*TASK DIRECTIONS*
Among the records below, find the line with "広島県遊技業防犯協力会連合会" and the line with "這幅布達(dá)拉宮壁畫講述". Set down both and every line between, exactly and with no pictures, but nothing else.

*TASK MATERIAL*

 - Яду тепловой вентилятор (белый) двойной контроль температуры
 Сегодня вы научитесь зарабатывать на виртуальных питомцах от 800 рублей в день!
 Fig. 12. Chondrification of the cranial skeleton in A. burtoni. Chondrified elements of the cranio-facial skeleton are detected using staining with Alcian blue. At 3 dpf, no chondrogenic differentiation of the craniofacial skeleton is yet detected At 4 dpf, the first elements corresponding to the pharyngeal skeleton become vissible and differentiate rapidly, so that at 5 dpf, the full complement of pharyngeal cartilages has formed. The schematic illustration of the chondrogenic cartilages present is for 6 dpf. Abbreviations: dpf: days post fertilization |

* * *

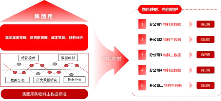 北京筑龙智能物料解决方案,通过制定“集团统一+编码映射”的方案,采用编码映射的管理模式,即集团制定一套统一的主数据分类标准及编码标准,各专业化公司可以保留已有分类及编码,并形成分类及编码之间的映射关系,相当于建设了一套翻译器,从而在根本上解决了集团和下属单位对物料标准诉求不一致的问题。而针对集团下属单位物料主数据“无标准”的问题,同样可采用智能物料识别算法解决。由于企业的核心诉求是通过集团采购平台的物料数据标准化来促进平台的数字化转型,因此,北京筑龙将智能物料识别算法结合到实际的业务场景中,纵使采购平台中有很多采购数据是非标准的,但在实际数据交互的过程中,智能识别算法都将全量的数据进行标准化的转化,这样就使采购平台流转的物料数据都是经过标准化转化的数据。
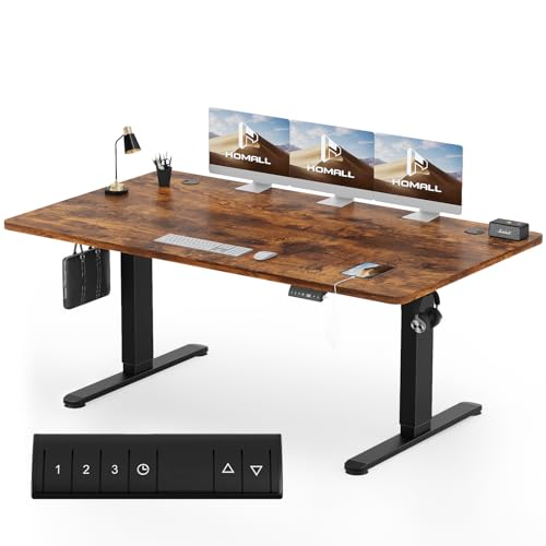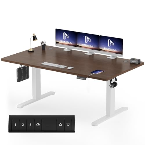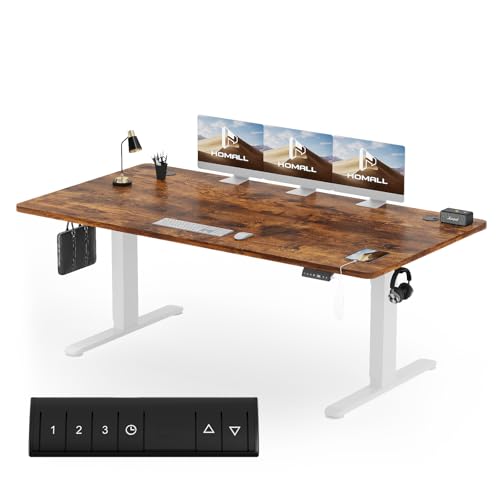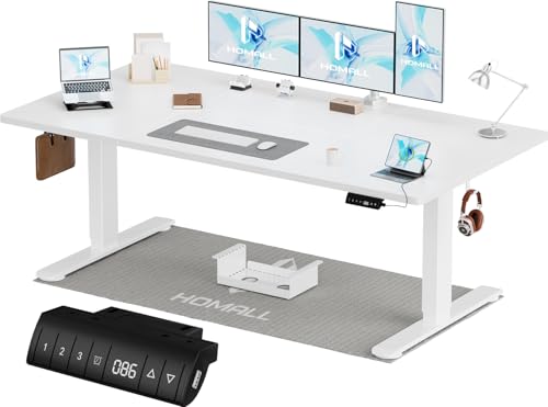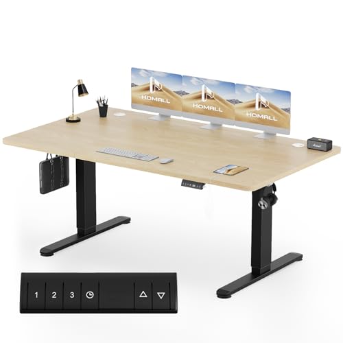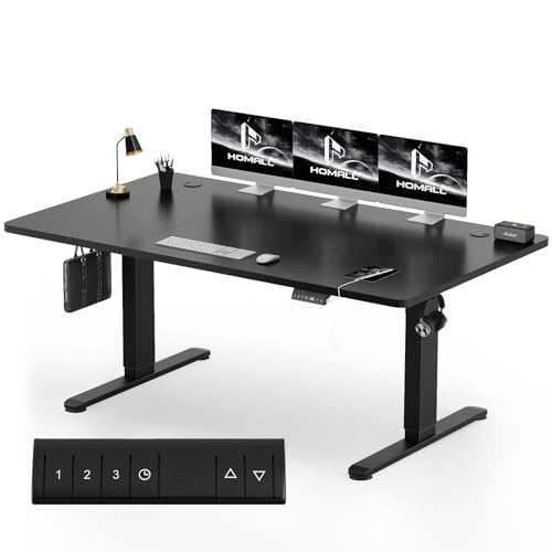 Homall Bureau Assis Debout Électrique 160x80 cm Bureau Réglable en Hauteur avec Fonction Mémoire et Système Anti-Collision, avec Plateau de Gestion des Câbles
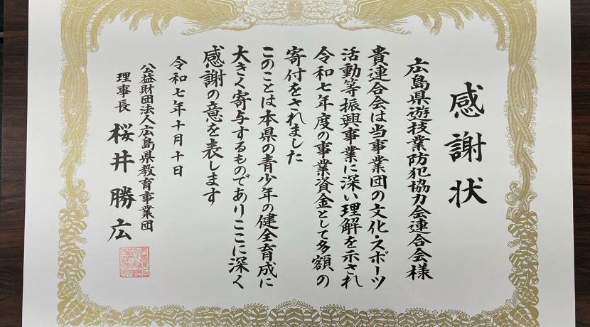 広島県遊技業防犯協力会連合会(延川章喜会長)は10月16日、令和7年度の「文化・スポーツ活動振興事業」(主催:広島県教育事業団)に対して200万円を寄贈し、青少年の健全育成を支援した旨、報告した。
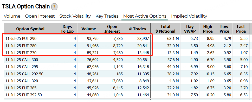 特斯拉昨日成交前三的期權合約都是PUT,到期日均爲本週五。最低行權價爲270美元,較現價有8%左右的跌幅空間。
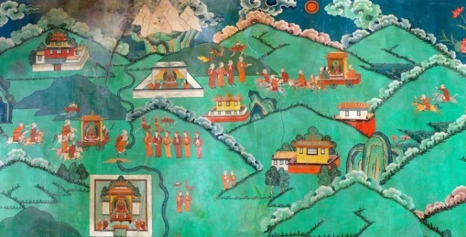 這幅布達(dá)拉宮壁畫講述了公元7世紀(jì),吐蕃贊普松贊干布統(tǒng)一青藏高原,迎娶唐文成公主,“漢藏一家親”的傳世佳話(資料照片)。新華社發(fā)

*SOLUTION TO THIS PROBLEM*
 広島県遊技業防犯協力会連合会(延川章喜会長)は10月16日、令和7年度の「文化・スポーツ活動振興事業」(主催:広島県教育事業団)に対して200万円を寄贈し、青少年の健全育成を支援した旨、報告した。
 特斯拉昨日成交前三的期權合約都是PUT,到期日均爲本週五。最低行權價爲270美元,較現價有8%左右的跌幅空間。
 這幅布達(dá)拉宮壁畫講述了公元7世紀(jì),吐蕃贊普松贊干布統(tǒng)一青藏高原,迎娶唐文成公主,“漢藏一家親”的傳世佳話(資料照片)。新華社發(fā)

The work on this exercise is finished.